Zhihui Xu a,b, Jiahui Shao a,b, Bing Li a,b, Xin Yan c, Qirong Shen a,b, Ruifu Zhang a,b,
PMCID: PMC3568560  PMID: 23160135

Abstract

Bacillus amyloliquefaciens strains are capable of suppressing soilborne pathogens through the secretion of an array of lipopeptides and root colonization, and biofilm formation ability is considered a prerequisite for efficient root colonization. In this study, we report that one of the lipopeptide compounds (bacillomycin D) produced by the rhizosphere strain Bacillus amyloliquefaciens SQR9 not only plays a vital role in the antagonistic activity against Fusarium oxysporum but also affects the expression of the genes involved in biofilm formation. When the bacillomycin D and fengycin synthesis pathways were individually disrupted, mutant SQR9M1, which was deficient in the production of bacillomycin D, only showed minor antagonistic activity against F. oxysporum, but another mutant, SQR9M2, which was deficient in production of fengycin, showed antagonistic activity equivalent to that of the wild-type strain of B. amyloliquefaciens SQR9. The results from in vitro, root in situ, and quantitative reverse transcription-PCR studies demonstrated that bacillomycin D contributes to the establishment of biofilms. Interestingly, the addition of bacillomycin D could significantly increase the expression levels of kinC gene, but KinC activation is not triggered by leaking of potassium. These findings suggest that bacillomycin D contributes not only to biocontrol activity but also to biofilm formation in strain B. amyloliquefaciens SQR9.

INTRODUCTION

Fusarium oxysporum f. sp. cucumerinum is the primary cause of vascular wilt in cucumber plants, and it causes substantially reduced cucumber yields in China (13). The symptoms of the disease begin with the development of necrotic lesions, followed by foliar wilting as the pathogen invades the vascular system of the plant, and eventually, plant death (4). Chemical fungicides and soil disinfestations by treating with methyl bromide are the main strategies for controlling cucumber Fusarium wilt.

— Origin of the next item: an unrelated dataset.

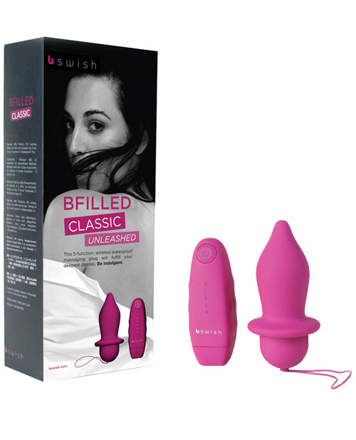 Open new doors with the Bfilled Classic Unleashed wireless remote massaging plug. Thoughtfully designed with a tapered tip that's ideal for beginners and an unobtrusive base, this petite body-safe plug will wow you with hours of powerful 5-function waterproof pleasure. Take control with the ergonomically designed wireless remote, which is lit up by a white light for easy play in the dark, or hand off to a partner for unexpected pleasure in private or in public. However and wherever you choose, the Bfilled Classic Unleashed will pleasure and delight. The Bfilled Classic Unleashed is made from nonporous, body-safe PU coated ABS plastic - making it easy to clean and versatile when it comes to choosing lubricants. While the plug is safe for waterproof fun, the remote is best left out of the tub. Materials: ABS with PU coat. Dimensions 1.45" (3.6 cm) girth, 4" (10.16 cm) length. Powered by 4x AAA (not included).

However, with increasing concern over fungicide resistance, environment pollution, and food safety (5), biological control has attracted considerable attention (6).

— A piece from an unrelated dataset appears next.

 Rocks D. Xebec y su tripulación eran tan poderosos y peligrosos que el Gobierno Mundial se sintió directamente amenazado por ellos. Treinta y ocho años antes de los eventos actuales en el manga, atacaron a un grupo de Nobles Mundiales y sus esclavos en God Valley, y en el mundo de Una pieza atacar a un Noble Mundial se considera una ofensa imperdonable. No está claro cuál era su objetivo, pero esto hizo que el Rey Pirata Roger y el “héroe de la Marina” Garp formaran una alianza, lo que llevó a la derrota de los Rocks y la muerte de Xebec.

Many biocontrol agents have been reported (79). Among the most promising candidates are several species of the genus Bacillus, which are ubiquitously occurring safe microorganisms with proven excellent colonization aptitudes (10), and versatility in effectively protecting plants from pathogens (1113). The main mechanisms by which biocontrol agents (BCAs) suppress pathogens are antibiosis, competition, growth promotion, and induction of systemically acquired resistance (14, 15). Antibiotic production may also play an important function in their biocontrol activities (10). Bacillus amyloliquefaciens FZB42 has as much as 8.5% of its genome devoted to the synthesis of antibiotics and the synthesis of siderophores by pathways not involving ribosomes (16). Among these antimicrobial compounds, cyclic lipopeptides (LPs) of the iturin, fengycin (or plipastatin), and surfactin families have well-recognized potential uses in biotechnology and biopharmaceutical applications because of their surfactant properties. The iturin and fengycin families display strong in vitro antifungal activities against a wide variety of fungi, whereas the surfactin family shows minimal antifungal activity (5).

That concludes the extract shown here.